Westminster Presbyterian Church
The Other Side Magazine
Virginia Organizing Project
Virginians for Justice
PFLAG (Parents and Friends of Lesbians
and Gays) of Charlottesville
Out Youth of the Blue Ridge
Piedmont Triangle Association
Fellowship of Reconciliation, Charlottesville
Members and Friends
Peace and Justice Center of Charlottesville
Sexual Assault and Resource Agency
Shelter for Help in Emergency
NOW (National Organization for Women),
Charlottesville Regional Chapter
NAACP (National Association for the Advancement
of Colored People), Charlottesville Branch
Who Should Attend?
The EVER conference is for those who are questioning, curious, apathetic, oblivious, puzzled, resolute on either side of the issue of civil rights for sexual orientation minorities and who wish to inform their opinions. This includes community leaders, religious leaders, laypeople, and all citizens.

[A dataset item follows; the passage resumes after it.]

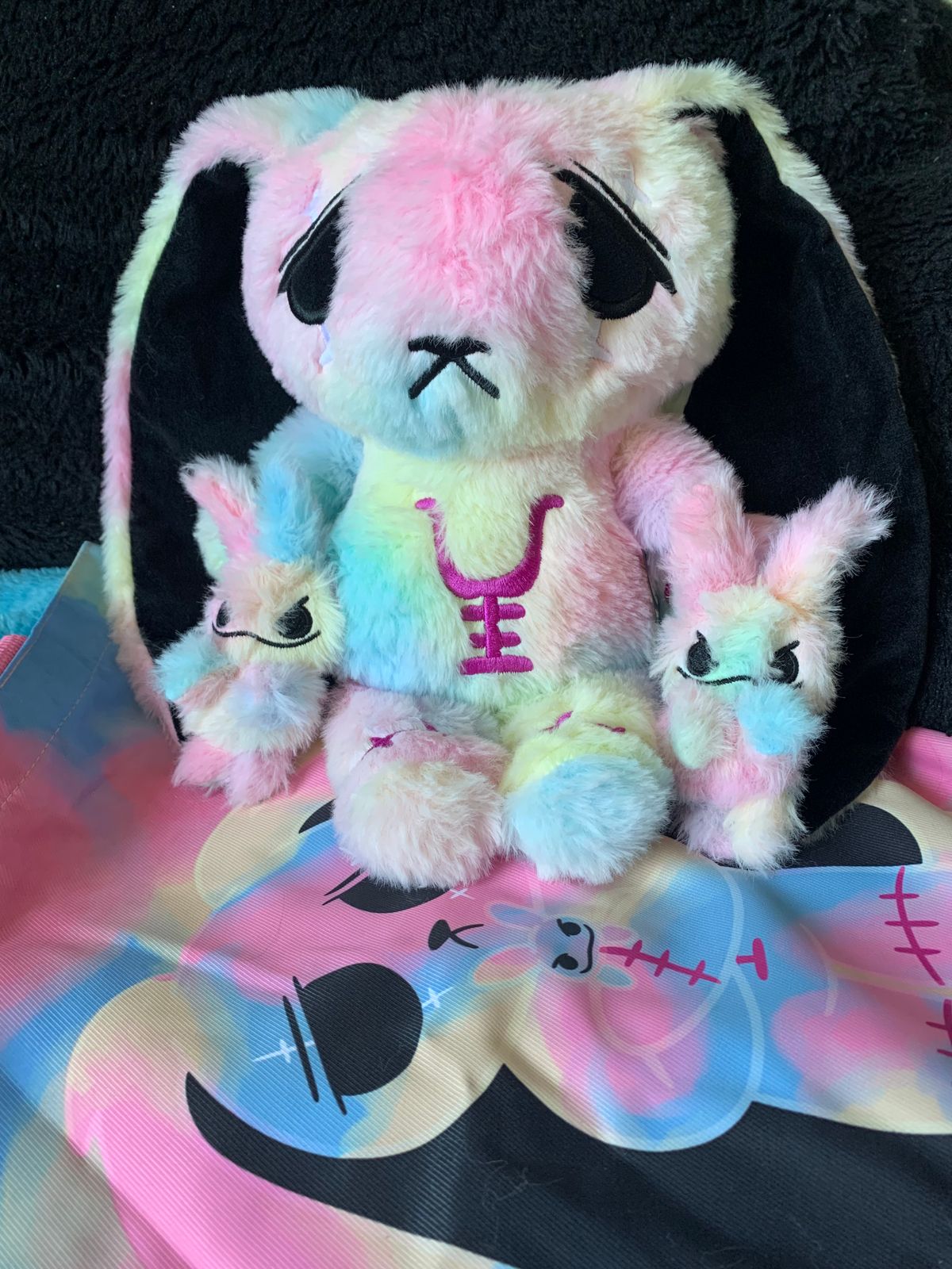 Came in just under two weeks! I originally ordered the hot pink bunny but once I saw there was a pinky tye dye edition I knew I messed up and immedietly contacted support a couple days after my order was made to see if they could switch it and they took care of it right away! I love her so much🩷so floppy cute and soft and I absolutely adore the lil buns she comes with zipped in her back 😁thank you so much!!

About the Keynote Speakers
Morning Keynote Speaker:
Rev. Mel White
Mel White and his partner, Gary Nixon, have traveled across the country, during the past six years, speaking on university campuses, teaching the "soul force" principles of Gandhi and King, organizing people of faith to do justice, and confronting religious leaders whose anti-gay rhetoric White believes, "leads to the suffering and death of God's lesbian and gay children."
In 1997, in Atlanta, Georgia, the Rev. Dr. Mel White was awarded the ACLU's National Civil Liberties Award for his efforts to apply the "soul force" principles of Gandhi and King to the struggle for justice for sexual minorities. Currently, Mel is writing a sequel to his best-selling autobiography, Stranger at the Gate: To Be Gay And Christian In America. With tongue-in-cheek, Mel calls his sequel Storming the Gate. In fact, the sequel will be a dramatic look at nonviolence at work in Mel and Gary's life as "militant gay activists."

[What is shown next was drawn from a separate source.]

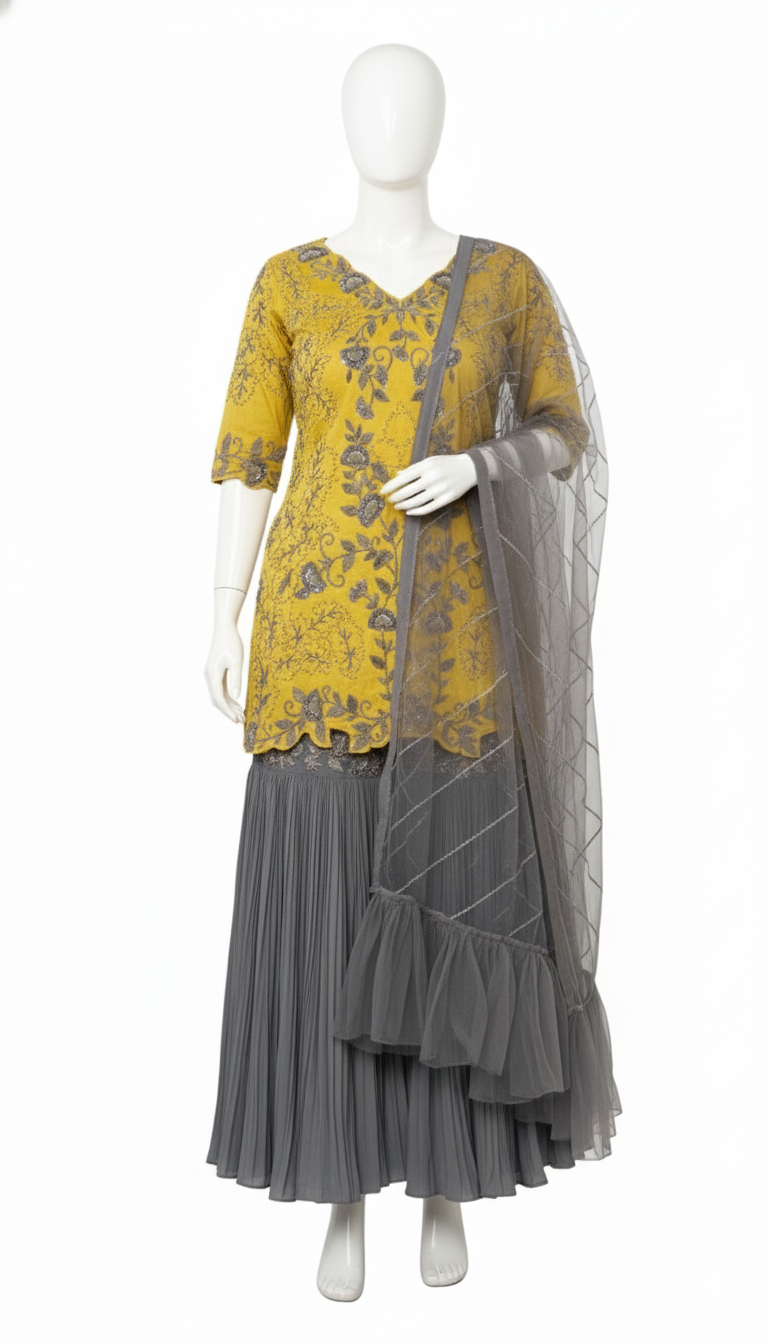 Yellow grey sharara set | Cycle of Samsara (COS)

It may seem premature to write another biography, but much has happened to Mel and Gary since Mel's autobiography was released in 1994. On February 15, 1995, Mel was arrested for "trespassing" at Pat Robertson's CBN Broadcast Center. The story of his arrest, the 22 day prison fast, and the "little victory" that followed, made news across the nation.
For 30 years, Dr. White had served the evangelical Christian community as a pastor, seminary professor, best-selling author, prize-winning filmmaker, communication consultant and ghost writer to its most famous and powerful leaders. His ghost-writing clients included Billy Graham, Jerry Falwell, D. James Kennedy, Ollie North, and Pat Robertson.

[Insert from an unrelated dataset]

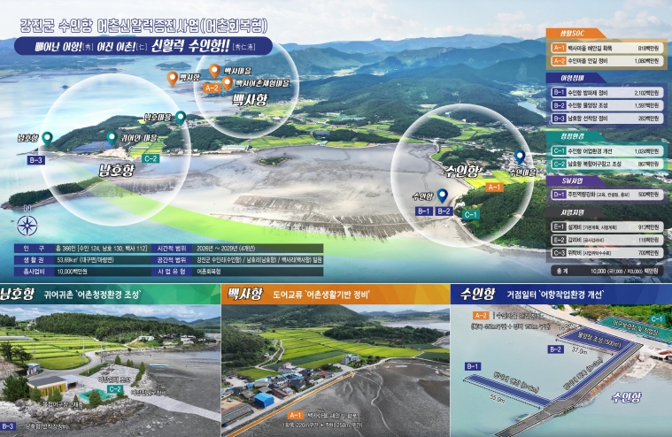 2026년 강진군 수인항 어촌신활력증진사업은 향후 4년간 국비 70억원을 포함한 총 100억원의 사업비가 투입된다.

Mel and Gary met and fell in love fifteen years ago at All Saints Episcopal
Church where Mel served on the vestry and Gary sang baritone in the Coventry
Choir. Gary was a property manager for the Weyerhaeuser Corporation, in
charge of corporate properties across Southern California. In 1993, Gary
and Mel began their justice ministry and have worked together full time
as activists.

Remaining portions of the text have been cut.